In C. cinereus, high urease activity in mycelium and stipe tissue was demonstrated but no detectable activity in cap tissue was found, which correlated with the accumulation of urea in cap tissues (Ewaze et al. 1978). A causal relationship between urea accumulation and water influx into developing cap tissues was proposed, identical to the situation in A. bisporus. The up-regulation of ammonium-scavenging enzymes, NADP-linked GDH (NADP–GDH) and glutamine synthetase in cap tissue was linked with the start of karyogamy (Moore et al. 1987a). It was suggested that the role of the glutamine synthetase and NADP–GDH ammonium scavenging is to maintain an ammonium-free environment in a cell during sporulation, since such processes are inhibited by the presence of ammonium (Moore et al. 1987b; Pinon 1977). An expression study of gdhA, gdhB and glnA and activity measurements of the corresponding enzymes during sporophore formation and post-harvest development will unravel the scavenging role of the primary ammonia-assimilating enzymes in A. bisporus. A preliminary Northern analysis (Fig. 4b) provides evidence that expression of these genes is correlated with urease expression in this fungus.

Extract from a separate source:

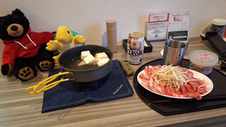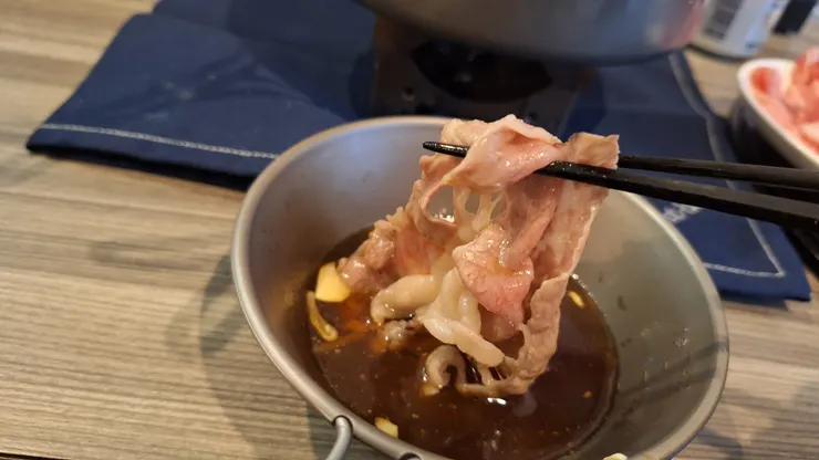 ③④ お高いお肉でしゃぶしゃぶ。gemini(AI)と相談して、鍋用のポーションに、水を既定量の2倍(300mL)入れました。お手軽にしゃぶしゃぶを楽しめました。100g=1480円の牛肉はとろけたぁ。

The urea decrease in the premature stages of sporophore formation indicates that urea might serve as a nitrogen reserve used for synthesis of protein, cell wall and other nitrogenous compounds needed in the development of the fruit body. The expression of the urease gene presented in this paper is in line with the observed urea levels (Wagemaker et al. 2005) and activities measured (Reinbothe et al. 1967). The decrease in urea content of the growing sporophore was thus not only the result of the dilution effect as the fruit body develops and grows to a larger volume. The urease activity demonstrated indicates that ammonium is produced and can be reassimilated by the primary ammonium assimilation pathways addressed by Baars et al. (1996) and Kersten et al. (1997, 1998, 1999). For mature fruit bodies of A. bisporus, however, no reassimilation of urea–ammonia was determined as was shown for puffballs of Lycoperdon pyriforme (Reinbothe et al. 1967). An increase in alanine and proline concentration after urea administration suggested assimilation of the urea nitrogen. Because urease activity is evident and high levels of urea are present, a different cell localization of the urease enzyme and the high level of urea might be speculated. Sequence data on the arginase (Wagemaker et al. 2005) and urease genes indicate that production of urea as well as the degradation are cytosolic activities, since the encoded protein sequences do not show translocation signals. Identification and localization of the previously reported inhibitor (Reinbothe et al. 1967; de Windt et al. 2002) and its role in controlling the urease enzyme activity will give a better understanding of the various functions that urea accumulation fulfils in A. bisporus fruit body formation. The expression of the urease enzyme as a reporter-fusion protein would enable one to study the enzyme and its localization in more detail.